Did laundry and then hopped on my bike for a quick jont the 7km or so down to visit Megan in Malanville. Nice ride; cloudy, not too hot. Only slightly drenched in sweat by the time I got there. The purpose: to eat PORK. Living in a muslim country (98% officially) pork is pretty much non-existant. I miss it. I miss my hogs and swine. Hence the early rising for a pork lunch. The place we went was nice enough. It attracted a lot of people from the bar across the street, and you'd be surprised how many people can be DRUNK by 11:30.

We did get to pick out our own piece of meat and eat it while watching the lucky living pigs wander around and munch on decomposing trash, happily unaware that tomorrow it couls be them we're eating. Note if you come: get here early or be ok eating fat, though PORK fat is pretty darn good-tasting after a 10 month hog-fast.

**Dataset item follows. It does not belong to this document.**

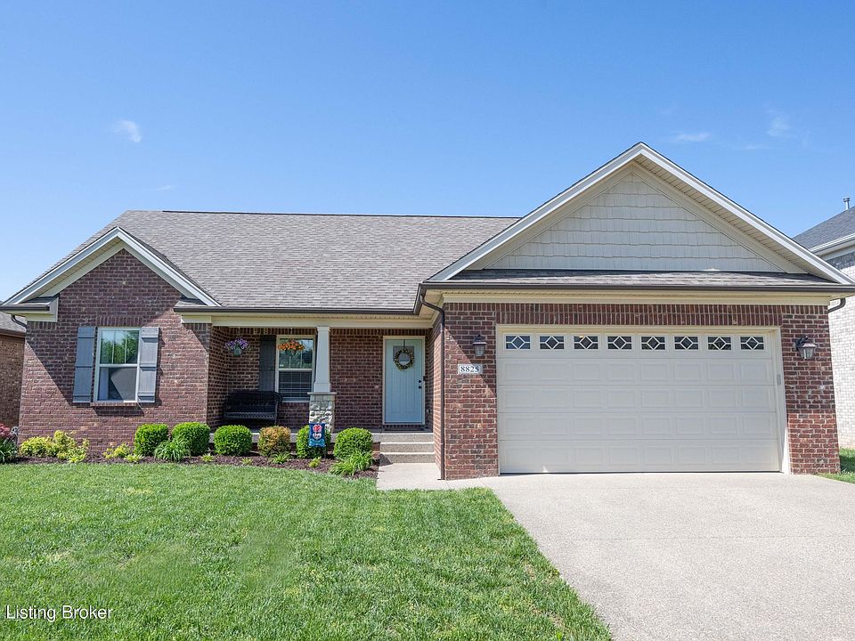 Welcome to this beautifully maintained ranch-style home, built in 2017, in the highly desirable Estates of Stony Farm neighborhood in sought-after Jeffersontown! With undeniable curb appeal, it features a charming covered front porch, a double-wide driveway, and a spacious 2-car garage.

Over lunch I got some scarry news from Megan and the main recollection that I am not living in America anymore:
Apparently the police in Malanville caught five bandits who had been working the road south of town, riping off trucks that rolled through. After arresting them, a mob show decended on the station demanding the prisoners as it was believed they were responsible for the death of a driver. The police, fairly enough, declared the prisoners would go to a jail in Kandi, 150km South. The mob was none too happy, but left.
Now I don't know if it was an attempt to be sneaky or an attempt to give into the mob demand in some way, but the police apparently decided it was best to send the suspects to jail on a rented bush taxi with only two officers as escort. They didn't make it 100 yards. A reformed mob stopped the car, dragged the handcuffed suspects out and BEAT THEM TO DEATH with clubs, sticks, fists, and feet. Each was killed in a mob frenzy, save for the escorting officers who were apparently too afraid to even get out of the taxi and a woman apparently involved with the bandits, who was only badly beaten.
This happened not fifty feet in front of Megan's house, and had she not gone to the market she would've been there to witness the bloody scene, which was apparently so bad people were running away and blood stains were left until the next day's heavy rain.
It's been hard trying to explain to people why this was wrong. "But they deserved it" is the response. Mob rule. Africa is really in the hands of mobs. Mobs and those who can stir them up. Look at Kenya's recent elections. South Africa's anti-immigrant riots. Rawanda. The only places mobs fail to achieve their goal is where they're crushed or subdued by strong government and police/military support, employing superior firepower.
The concept of organized justice, the attempt at fairness, level-handed and level-headedness is missing. Blame it on weak governments and judicial systems. People will automatically consign the fate of individuals with little or no debate or viewing evidence. What good is all that? Especially to a mob stirred to a frenzy. Never mess with angry Africans mobs. Scary.
Safely back in Gaya now where only student protests have actually hinted at this facet of African life, though people in Niger have equally been known to beat to death people accused of thievery. Though in all fairness, I doubt this is an "African" thing as much as weak police/judicial/governmental problem. It's just that this, poverty and frustration, and heat all add together for a dangerous stew that can easily boil over here.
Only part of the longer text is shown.